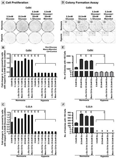 Tumour cells show efficient adaptation to the hyper-osmotic stress generating property of high glucose and significantly proliferate in normoxia. CaSki/C-33A cervical cancer cells were cultured for 96 h in NG, HG and HG-HO, with or without hypoxia stimulation. (A–C) Tumour cell proliferation, (D–F) Colony-forming analyses were performed, and all comparisons were made with NG condition unless otherwise indicated. Statistical significance is represented by p values: *** p ≤ 0.001. See related Supplementary Figure S3A.
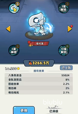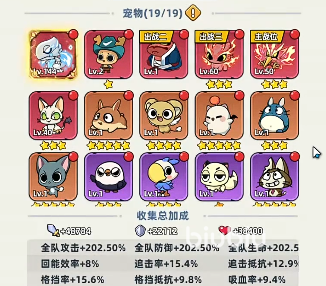 宙斯之鹰作为当前强度最高的神话宠物,建议固定置于一号位承担主要输出职责。二号位在尼伯雷根与小翼间按获取进度灵活选择:前者提供全局暴击率加成与怒气加速,后者侧重单体爆发。三号位以功能性与属性值为优先考量,达达可提供均衡增益,而极光龙则具备更强战略价值——其主动技能造成群体伤害并附加持续效果,被动每10秒为全队叠加一层伤害增益(最高三层,总计30%),且升星后层数上限同步提升,资源清剿效率显著优于常规宠物。
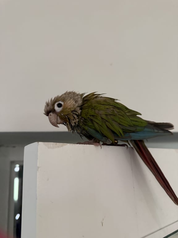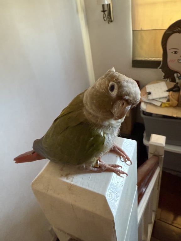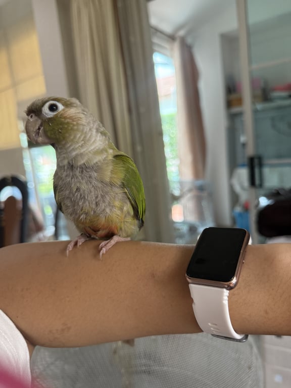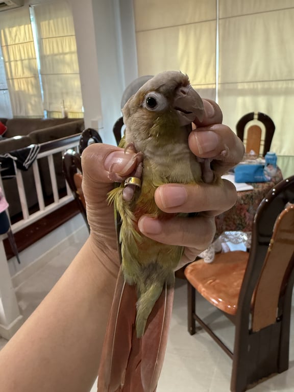 รอยตำหนิ: จมูกด้านขวามีรอยใหญ่กว่าปกติน้องหลุดมาและรับเลี้ยงไว้ น้องไม่ใช่นกติดคน น้องกลัวมือคน แต่ชอบเกาะขอบมือถือ ถ้าเอามือถือไปรับน้องจะมา น้องชอบกินผลไม้มากๆ โดยเฉพาะมะม่วง มีห่วงขาสีทองหม่นๆ
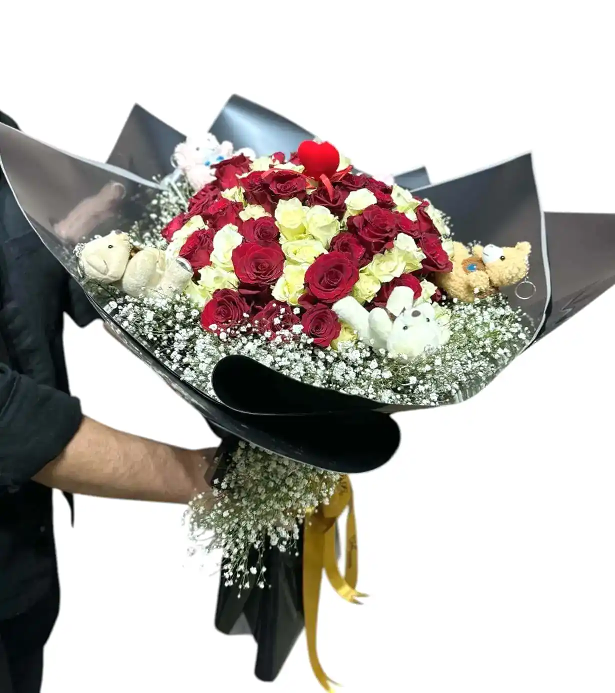 Bu benzersiz buket sadece güllerden oluşmuyor! İçinde yer alan 5 adet minik peluş ayıcık, sevdiğinize hem romantik hem de sevimli bir jest yapmanızı sağlıyor. Aşkın en tatlı haliyle buluşmaya hazır olun!

→ Problem
The data should be printed again unchanged; leave its pictures out.

→ Written solution
 Tumour cells show efficient adaptation to the hyper-osmotic stress generating property of high glucose and significantly proliferate in normoxia. CaSki/C-33A cervical cancer cells were cultured for 96 h in NG, HG and HG-HO, with or without hypoxia stimulation. (A–C) Tumour cell proliferation, (D–F) Colony-forming analyses were performed, and all comparisons were made with NG condition unless otherwise indicated. Statistical significance is represented by p values: *** p ≤ 0.001. See related Supplementary Figure S3A.
 宙斯之鹰作为当前强度最高的神话宠物,建议固定置于一号位承担主要输出职责。二号位在尼伯雷根与小翼间按获取进度灵活选择:前者提供全局暴击率加成与怒气加速,后者侧重单体爆发。三号位以功能性与属性值为优先考量,达达可提供均衡增益,而极光龙则具备更强战略价值——其主动技能造成群体伤害并附加持续效果,被动每10秒为全队叠加一层伤害增益(最高三层,总计30%),且升星后层数上限同步提升,资源清剿效率显著优于常规宠物。
 รอยตำหนิ: จมูกด้านขวามีรอยใหญ่กว่าปกติน้องหลุดมาและรับเลี้ยงไว้ น้องไม่ใช่นกติดคน น้องกลัวมือคน แต่ชอบเกาะขอบมือถือ ถ้าเอามือถือไปรับน้องจะมา น้องชอบกินผลไม้มากๆ โดยเฉพาะมะม่วง มีห่วงขาสีทองหม่นๆ
 Bu benzersiz buket sadece güllerden oluşmuyor! İçinde yer alan 5 adet minik peluş ayıcık, sevdiğinize hem romantik hem de sevimli bir jest yapmanızı sağlıyor. Aşkın en tatlı haliyle buluşmaya hazır olun!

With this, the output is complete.